[Items from a data source]
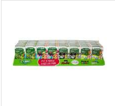
933979 BANDAGES KIDS 20CT 40PC DISPLAY CURAD 4 ASSORTED CASE PK: 40 $ 0.85
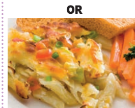
Cheesey leek pasta & garlic slice Mustard Soya Milk Gluten
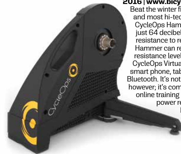
CycleOps Hammer Indoor Trainer Price tbc on SA launch in September 2016 | www.bicyclepower.co.za

Beat the winter freeze with one of the quietest and most hi-tech indoor trainers around, the CycleOps Hammer. Its 9kg flywheel runs at just 64 decibels and uses electromagnetic resistance to replicate a real road feel. The Hammer can replicate a massive array of resistance levels and can connect to the CycleOps VirtualTraining platform on your smart phone, tablet or laptop via Ant+ or Bluetooth. It's not limited to VirtualTraining however; it's compatible with the majority of online training platforms. Plus it provides power readings via an integrated
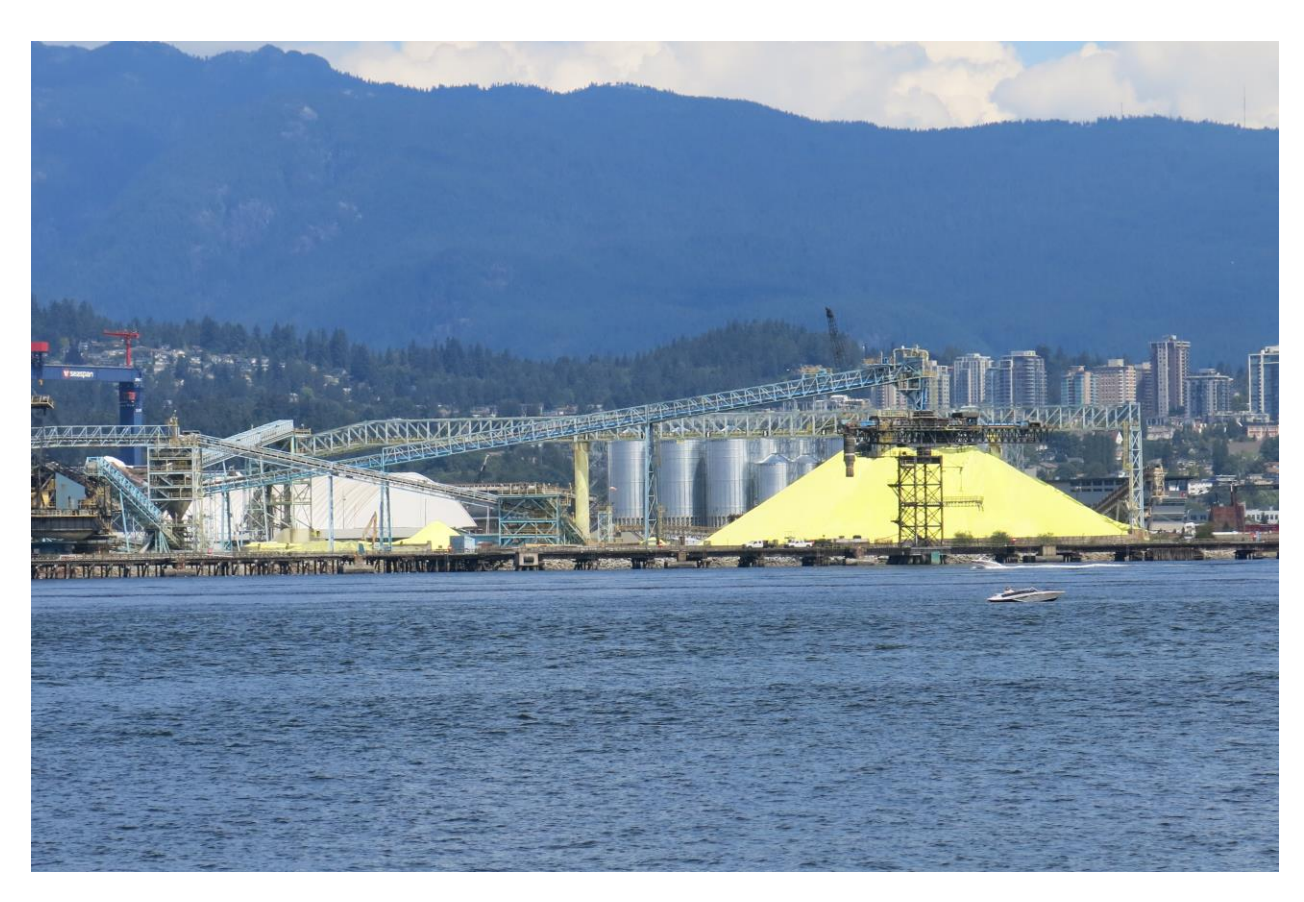
Figure 2. Sulfur harbor - view from Stanley Park
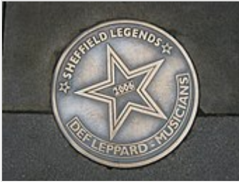
Sheffield Legends plaque in their home city of Sheffield, England, installed in 2006.

With Pyromania and Hysteria both certified Diamond by the RIAA , Def Leppard are one of only five rock bands with two original studio albums selling over 10 million copies each in the US, alongside the Beatles , Led Zeppelin , Pink Floyd , and Van Halen . [5] Both Pyromania and Hysteria feature in Rolling Stone 's list of the 500 Greatest Albums of All Time . [144][39]

◆ INSTRUCTIONS TO FOLLOW: Without including any pictures, return every line of the records exactly.

◆ TASK OUTPUT:
933979 BANDAGES KIDS 20CT 40PC DISPLAY CURAD 4 ASSORTED CASE PK: 40 $ 0.85
Cheesey leek pasta & garlic slice Mustard Soya Milk Gluten
CycleOps Hammer Indoor Trainer Price tbc on SA launch in September 2016 | www.bicyclepower.co.za

Beat the winter freeze with one of the quietest and most hi-tech indoor trainers around, the CycleOps Hammer. Its 9kg flywheel runs at just 64 decibels and uses electromagnetic resistance to replicate a real road feel. The Hammer can replicate a massive array of resistance levels and can connect to the CycleOps VirtualTraining platform on your smart phone, tablet or laptop via Ant+ or Bluetooth. It's not limited to VirtualTraining however; it's compatible with the majority of online training platforms. Plus it provides power readings via an integrated
Figure 2. Sulfur harbor - view from Stanley Park
Sheffield Legends plaque in their home city of Sheffield, England, installed in 2006.

With Pyromania and Hysteria both certified Diamond by the RIAA , Def Leppard are one of only five rock bands with two original studio albums selling over 10 million copies each in the US, alongside the Beatles , Led Zeppelin , Pink Floyd , and Van Halen . [5] Both Pyromania and Hysteria feature in Rolling Stone 's list of the 500 Greatest Albums of All Time . [144][39]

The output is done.